Dünya üzerinde doğruluğu tartışılan iki yasa mevcut: Murphy Kanunları ve Çekim Yasası. Murphy Kanunları’nın temeli şu söze dayanmaktadır: “Eğer bir işi halletmek için birden fazla olasılık varsa ve bu olasılıklardan biri istenmeyen sonuçlar ya da felaket doğuracaksa, kesinlikle bu olasılık gerçekleşecektir.” Bunun yanı sıra Çekim Yasaları ise şu söze dayanır: “Düşüncelerinizin ve duygularınızın hayatınızda meydana gelen olayları çekmesidir. Böylece olumlu düşünceler ve duygular, hayatınıza pozitif deneyimler, olumsuzluklar ise olumsuz olaylara yol açar.”

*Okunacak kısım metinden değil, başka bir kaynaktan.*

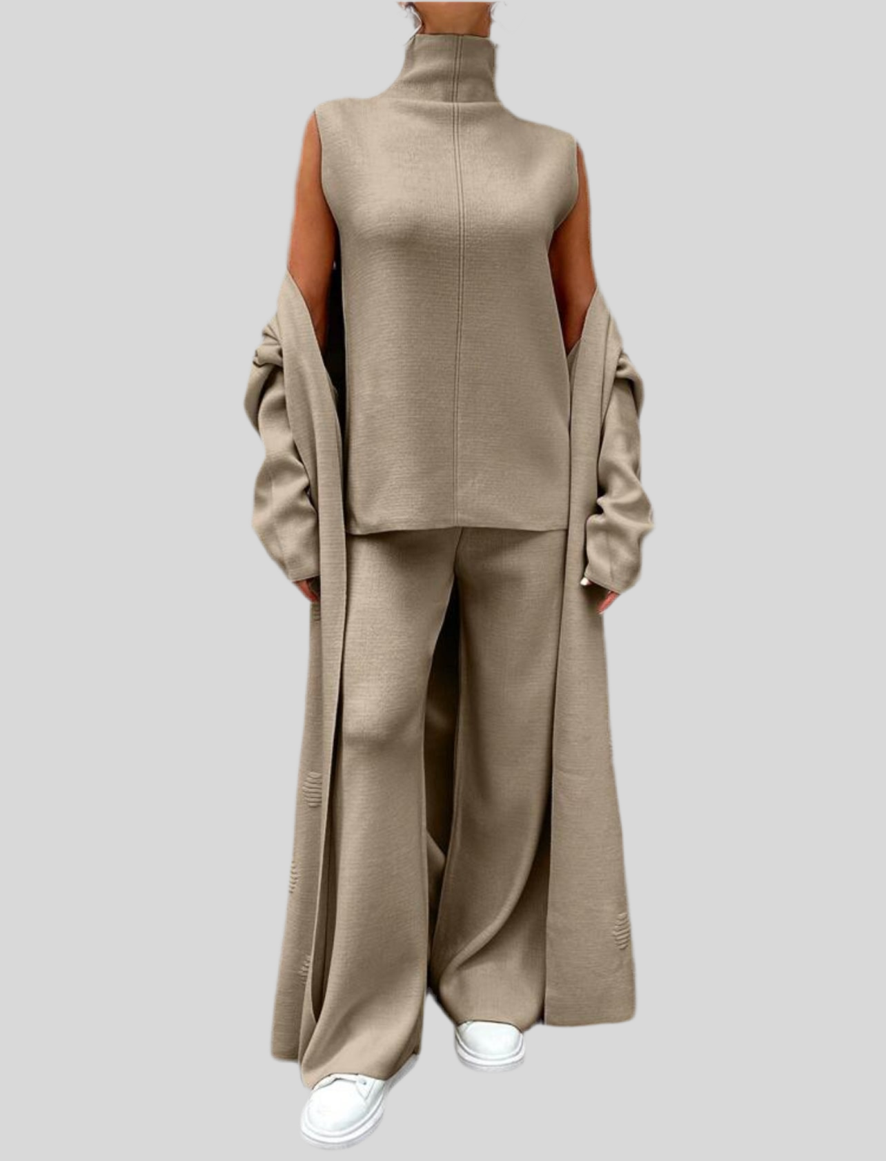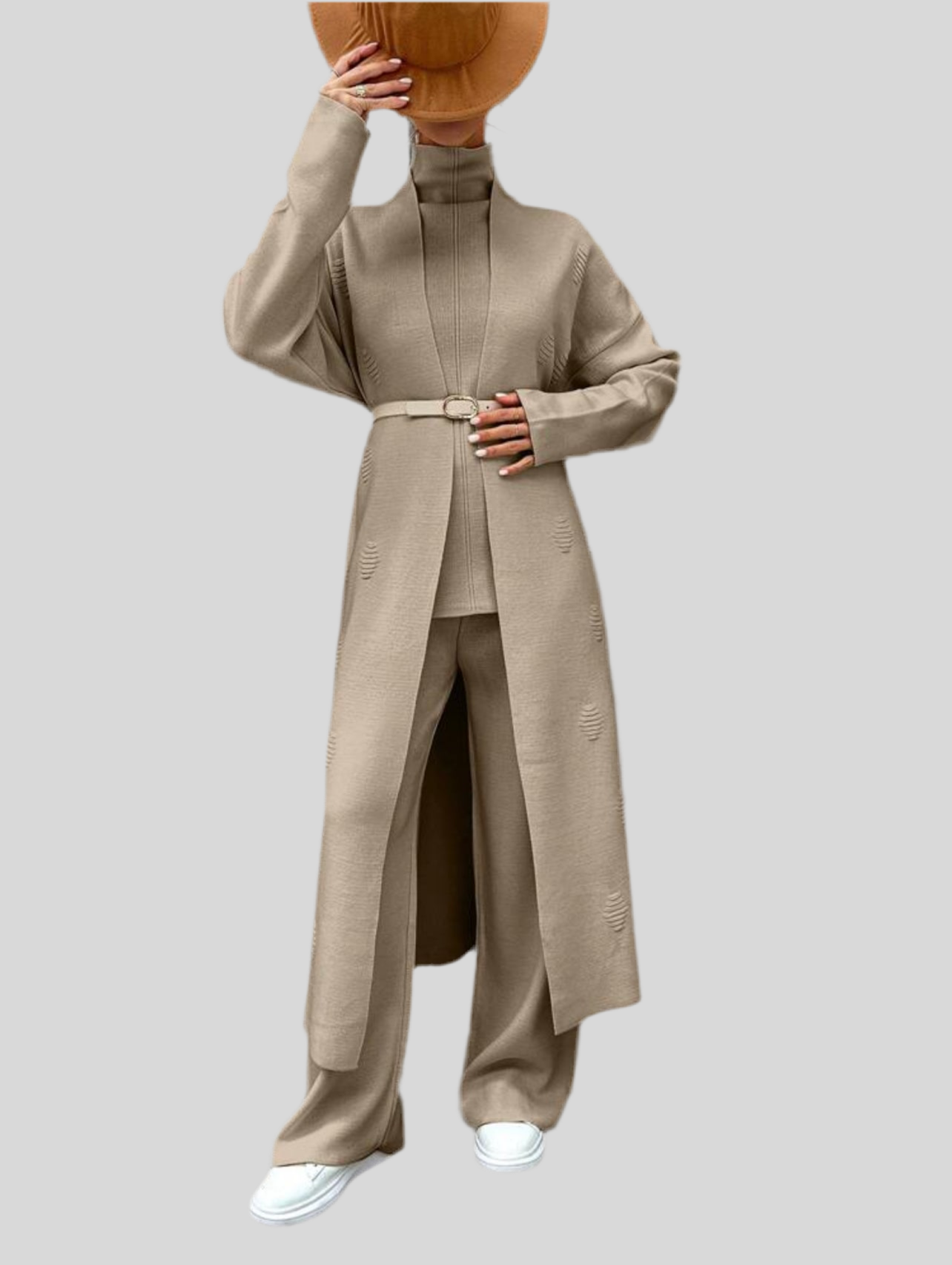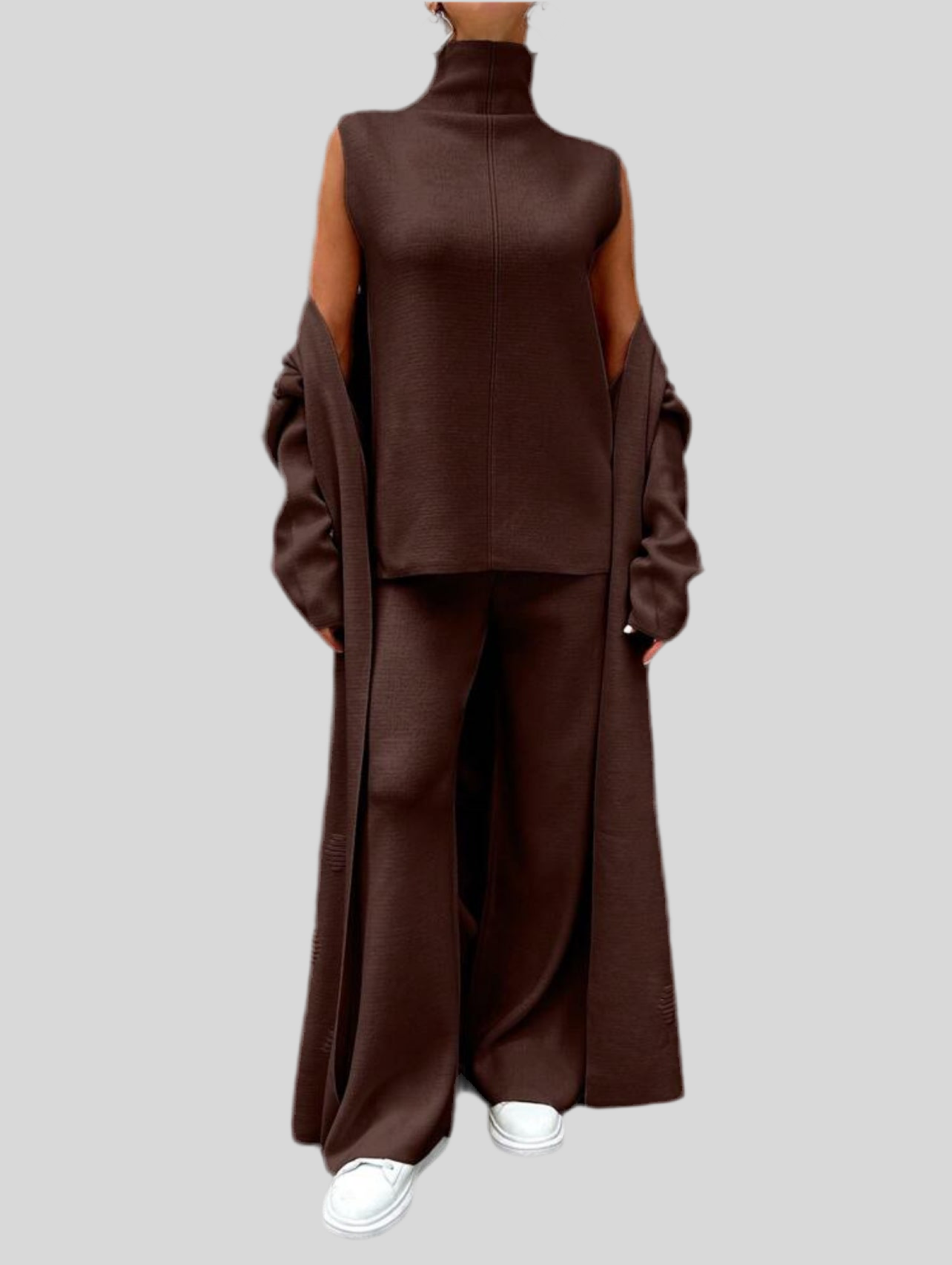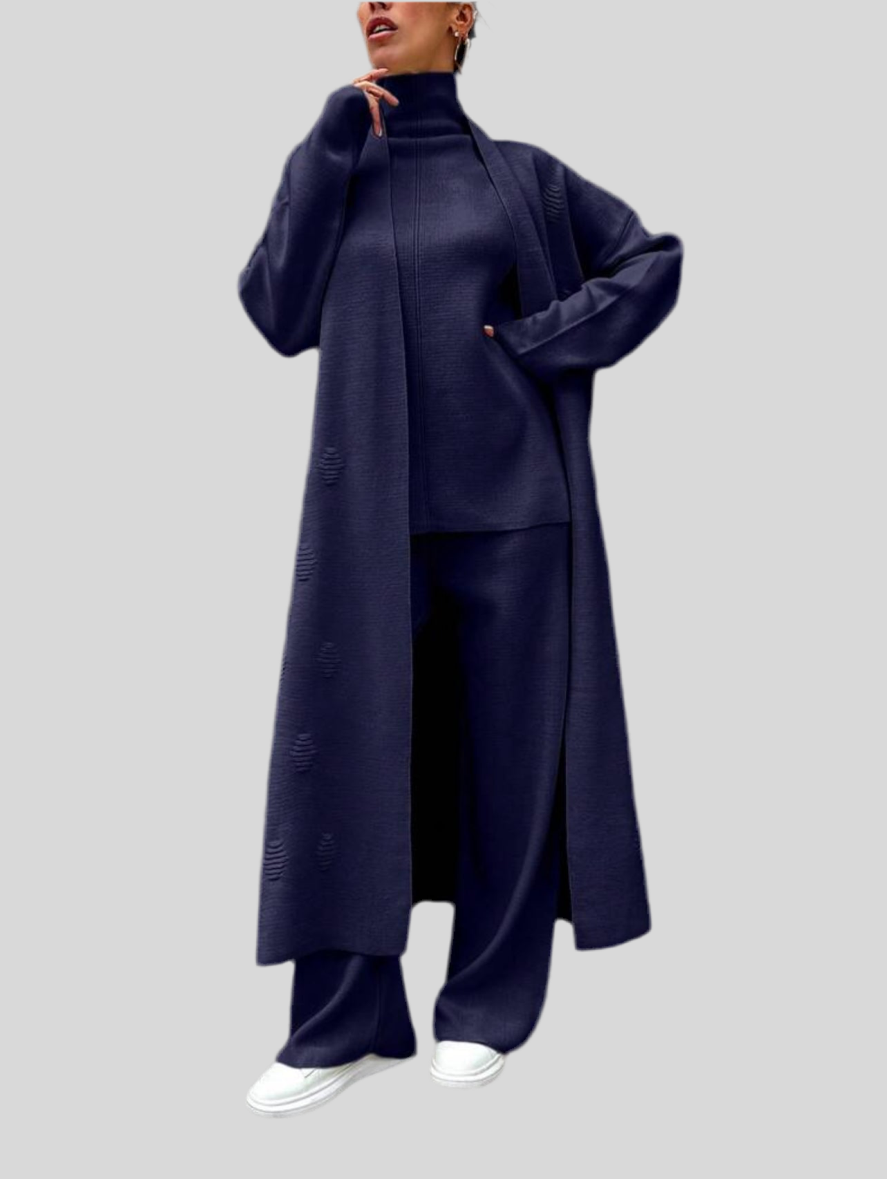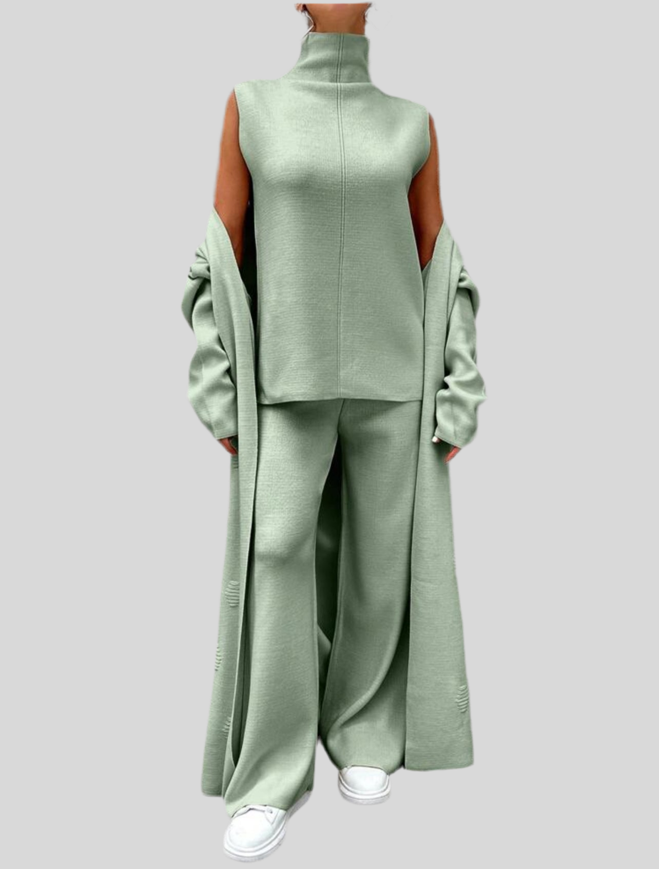 Este conjunto de punto de tres piezas disponible en 9 colores es perfecto para cualquier ocasión. El top de cuello alto y sin mangas junto con el cárdigan largo con detalles de dibujos en el mismo punto y el pantalón anchos y rectos con goma en la cintura aseguran la comodidad. Un tres piezas combinable por separado para la cuidad, y para cualquier evento con los accesorios adecuados. Talla única válida desde M a XL. La modelo mide 1,54 cm

Günlük hayatta Murphy Kanunları’nın oluşturduğu pek çok yaygın olayla karşı karşıya gelebiliriz. Örneğin mutfaktan elimizde çikolatalı ekmek ile çıkarken ekmeğin düşünce hep çikolatalı kısmının yere gelmesi bu kanunları kanıtlar niteliktedir. Yerin kirlenmeyip çikolatasız kısmın yere gelmesi olumlu bir olasılıkken çoğunlukla çikolatalı kısmın gelmesi yani olumsuz olasılığın gerçekleşmesi Murphy Kanunları’nın doğru olabilme ihtimalini yükseltiyor. Bir arkadaş grubunda sigara içen ve içmeyenler olabilir ve ne zaman sigara içilse araştırmalara göre sigara dumanı hep sigara kullanmayan kişiye veya kişilere doğru gidermiş. Eğer elimizde birden çok poşet varsa yere düşürdüğümüz poşette hep kırılabilecek şeyler mesela yumurta bulunurmuş. Başka bir örnek verecek olursam ne zaman büyük ve etkileyici bir şey yapsak bunu gören sadece kendimiz oluruz. Eminim ki herkes bu durumla sıklıkla karşı karşıya geliyor. Son olarak birisi ile karşılaşma ihtimalimiz ona hiç görünmek istemediğimiz zaman çok daha fazladır. Bütün bu örnekler Murphy Kanunları yüzünden ortaya çıkmış ve süreklilik kazanmış olaylardır.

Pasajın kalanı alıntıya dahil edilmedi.